## DATASET EXTRACT:
--------------------------------
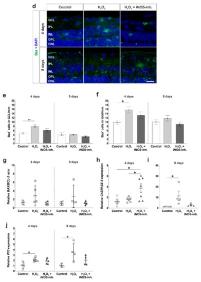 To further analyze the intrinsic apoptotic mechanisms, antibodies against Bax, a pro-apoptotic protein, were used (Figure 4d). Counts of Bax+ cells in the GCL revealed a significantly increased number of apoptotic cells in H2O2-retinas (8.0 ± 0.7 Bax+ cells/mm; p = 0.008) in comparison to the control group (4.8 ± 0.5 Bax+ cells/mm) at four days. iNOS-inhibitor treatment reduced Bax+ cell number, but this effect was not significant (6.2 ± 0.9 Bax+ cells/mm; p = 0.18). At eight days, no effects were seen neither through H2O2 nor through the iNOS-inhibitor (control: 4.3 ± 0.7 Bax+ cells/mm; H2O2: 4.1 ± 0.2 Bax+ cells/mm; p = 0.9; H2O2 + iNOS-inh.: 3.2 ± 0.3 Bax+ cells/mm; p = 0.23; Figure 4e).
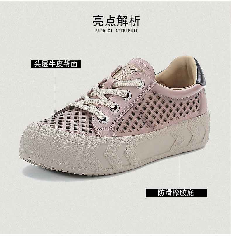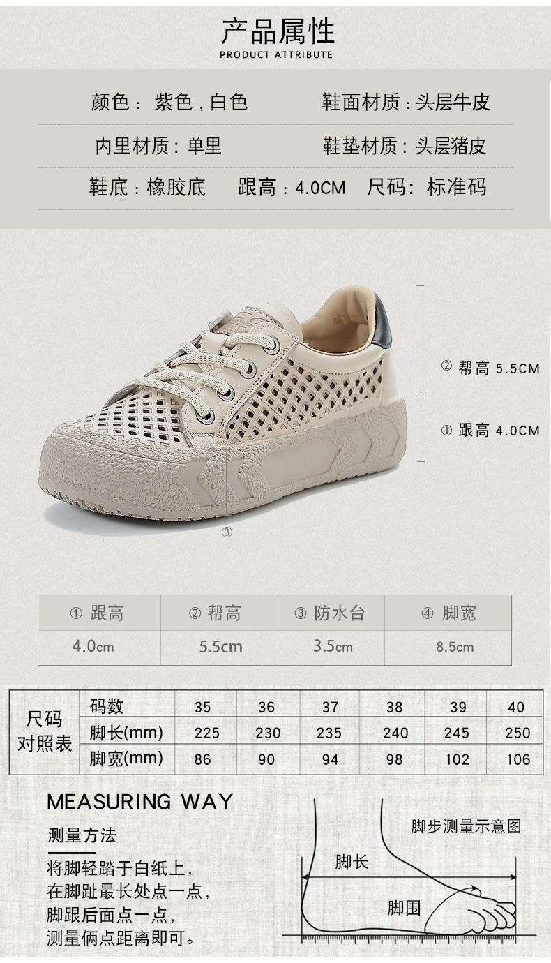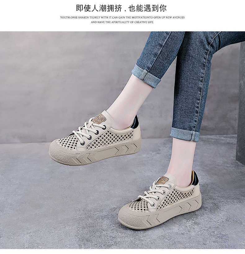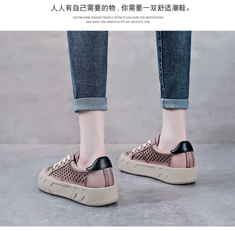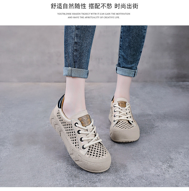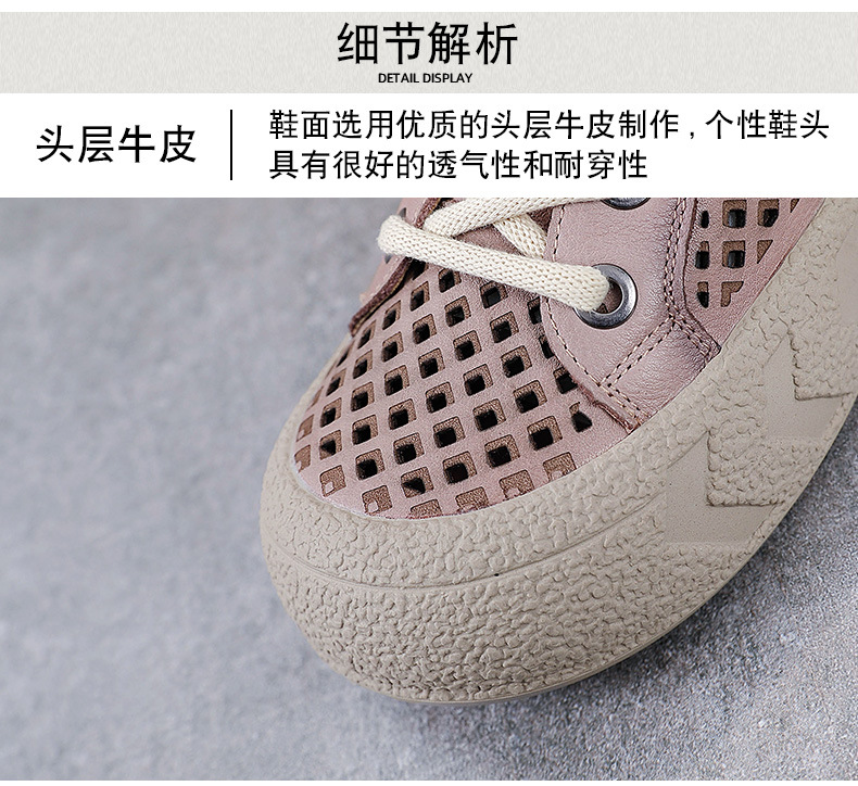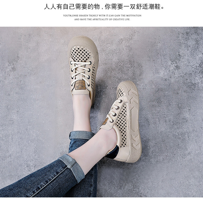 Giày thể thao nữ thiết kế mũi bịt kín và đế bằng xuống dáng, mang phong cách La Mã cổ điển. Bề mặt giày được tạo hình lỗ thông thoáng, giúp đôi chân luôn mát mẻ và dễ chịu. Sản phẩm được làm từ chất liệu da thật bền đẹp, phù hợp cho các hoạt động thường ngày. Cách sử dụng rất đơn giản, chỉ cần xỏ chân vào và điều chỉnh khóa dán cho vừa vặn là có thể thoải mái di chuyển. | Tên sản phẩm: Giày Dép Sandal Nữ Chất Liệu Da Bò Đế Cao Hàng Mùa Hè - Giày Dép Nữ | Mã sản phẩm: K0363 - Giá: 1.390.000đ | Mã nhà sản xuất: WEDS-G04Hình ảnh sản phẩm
--------------------------------
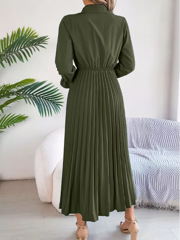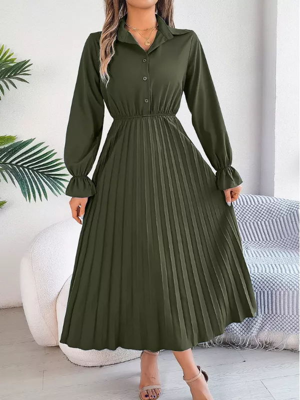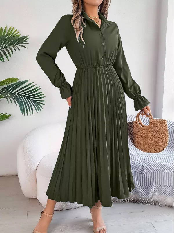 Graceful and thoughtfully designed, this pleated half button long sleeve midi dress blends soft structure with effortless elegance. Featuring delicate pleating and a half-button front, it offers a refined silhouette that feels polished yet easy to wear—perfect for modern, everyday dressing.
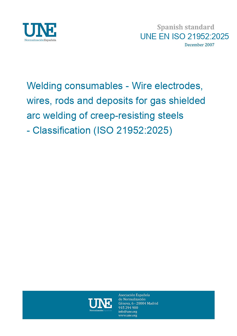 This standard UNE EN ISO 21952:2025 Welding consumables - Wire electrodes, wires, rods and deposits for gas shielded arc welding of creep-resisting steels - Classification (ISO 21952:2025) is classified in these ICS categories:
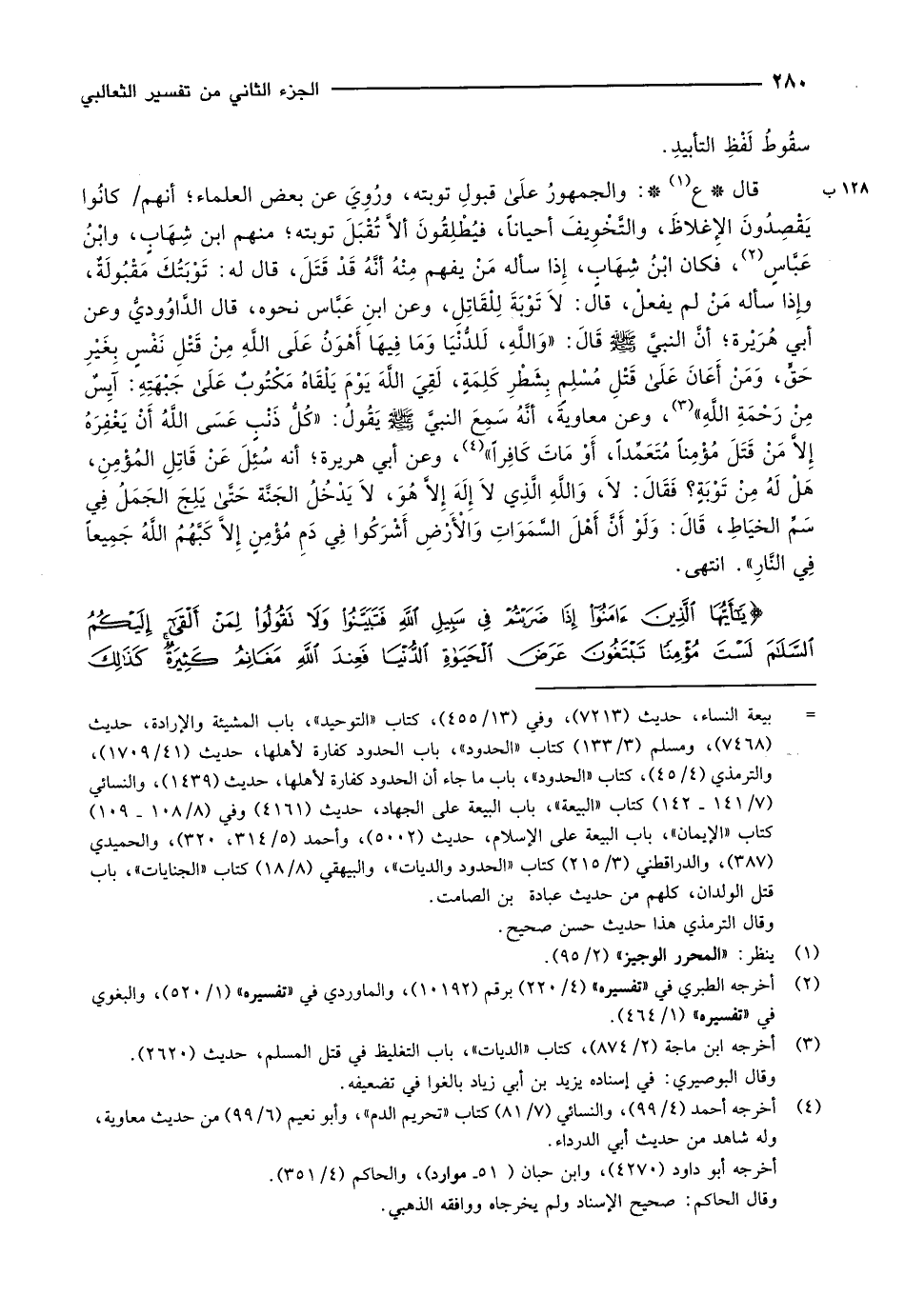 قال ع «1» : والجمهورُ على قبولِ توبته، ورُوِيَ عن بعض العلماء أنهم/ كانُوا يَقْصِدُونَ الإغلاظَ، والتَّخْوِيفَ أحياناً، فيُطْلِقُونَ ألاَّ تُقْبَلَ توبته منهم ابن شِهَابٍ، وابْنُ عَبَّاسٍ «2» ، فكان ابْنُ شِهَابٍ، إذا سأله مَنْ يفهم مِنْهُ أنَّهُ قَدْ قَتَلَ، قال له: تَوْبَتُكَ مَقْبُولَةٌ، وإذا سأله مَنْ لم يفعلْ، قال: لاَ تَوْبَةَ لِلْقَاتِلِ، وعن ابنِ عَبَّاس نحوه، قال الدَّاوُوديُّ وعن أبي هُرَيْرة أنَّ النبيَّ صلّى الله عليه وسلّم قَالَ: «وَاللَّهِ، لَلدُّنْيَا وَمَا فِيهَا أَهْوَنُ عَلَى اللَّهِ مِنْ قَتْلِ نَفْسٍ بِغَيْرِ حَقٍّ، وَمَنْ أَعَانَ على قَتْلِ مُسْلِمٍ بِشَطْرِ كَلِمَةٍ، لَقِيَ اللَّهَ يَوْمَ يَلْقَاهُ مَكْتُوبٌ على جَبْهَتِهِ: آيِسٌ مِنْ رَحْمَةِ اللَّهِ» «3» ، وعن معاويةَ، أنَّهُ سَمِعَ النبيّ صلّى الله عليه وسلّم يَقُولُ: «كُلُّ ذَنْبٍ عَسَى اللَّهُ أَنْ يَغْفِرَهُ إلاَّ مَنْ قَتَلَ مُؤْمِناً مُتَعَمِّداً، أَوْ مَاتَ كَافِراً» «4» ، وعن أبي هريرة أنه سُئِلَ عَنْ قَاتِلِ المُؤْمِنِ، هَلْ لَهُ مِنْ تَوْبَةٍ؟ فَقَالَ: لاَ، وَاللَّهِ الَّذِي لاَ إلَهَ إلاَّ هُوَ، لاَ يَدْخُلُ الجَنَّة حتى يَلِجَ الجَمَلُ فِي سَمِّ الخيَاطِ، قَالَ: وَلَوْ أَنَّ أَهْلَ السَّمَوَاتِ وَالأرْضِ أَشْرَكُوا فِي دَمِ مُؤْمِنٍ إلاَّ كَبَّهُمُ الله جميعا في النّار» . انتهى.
--------------------------------
## YOUR GOAL:
Write down exactly what the lines above say, from the line holding "To further analyze" through the line holding "Giày thể thao", and nothing more. Do not copy the pictures.

## SOLUTION BELOW:
 To further analyze the intrinsic apoptotic mechanisms, antibodies against Bax, a pro-apoptotic protein, were used (Figure 4d). Counts of Bax+ cells in the GCL revealed a significantly increased number of apoptotic cells in H2O2-retinas (8.0 ± 0.7 Bax+ cells/mm; p = 0.008) in comparison to the control group (4.8 ± 0.5 Bax+ cells/mm) at four days. iNOS-inhibitor treatment reduced Bax+ cell number, but this effect was not significant (6.2 ± 0.9 Bax+ cells/mm; p = 0.18). At eight days, no effects were seen neither through H2O2 nor through the iNOS-inhibitor (control: 4.3 ± 0.7 Bax+ cells/mm; H2O2: 4.1 ± 0.2 Bax+ cells/mm; p = 0.9; H2O2 + iNOS-inh.: 3.2 ± 0.3 Bax+ cells/mm; p = 0.23; Figure 4e).
 Giày thể thao nữ thiết kế mũi bịt kín và đế bằng xuống dáng, mang phong cách La Mã cổ điển. Bề mặt giày được tạo hình lỗ thông thoáng, giúp đôi chân luôn mát mẻ và dễ chịu. Sản phẩm được làm từ chất liệu da thật bền đẹp, phù hợp cho các hoạt động thường ngày. Cách sử dụng rất đơn giản, chỉ cần xỏ chân vào và điều chỉnh khóa dán cho vừa vặn là có thể thoải mái di chuyển. | Tên sản phẩm: Giày Dép Sandal Nữ Chất Liệu Da Bò Đế Cao Hàng Mùa Hè - Giày Dép Nữ | Mã sản phẩm: K0363 - Giá: 1.390.000đ | Mã nhà sản xuất: WEDS-G04Hình ảnh sản phẩm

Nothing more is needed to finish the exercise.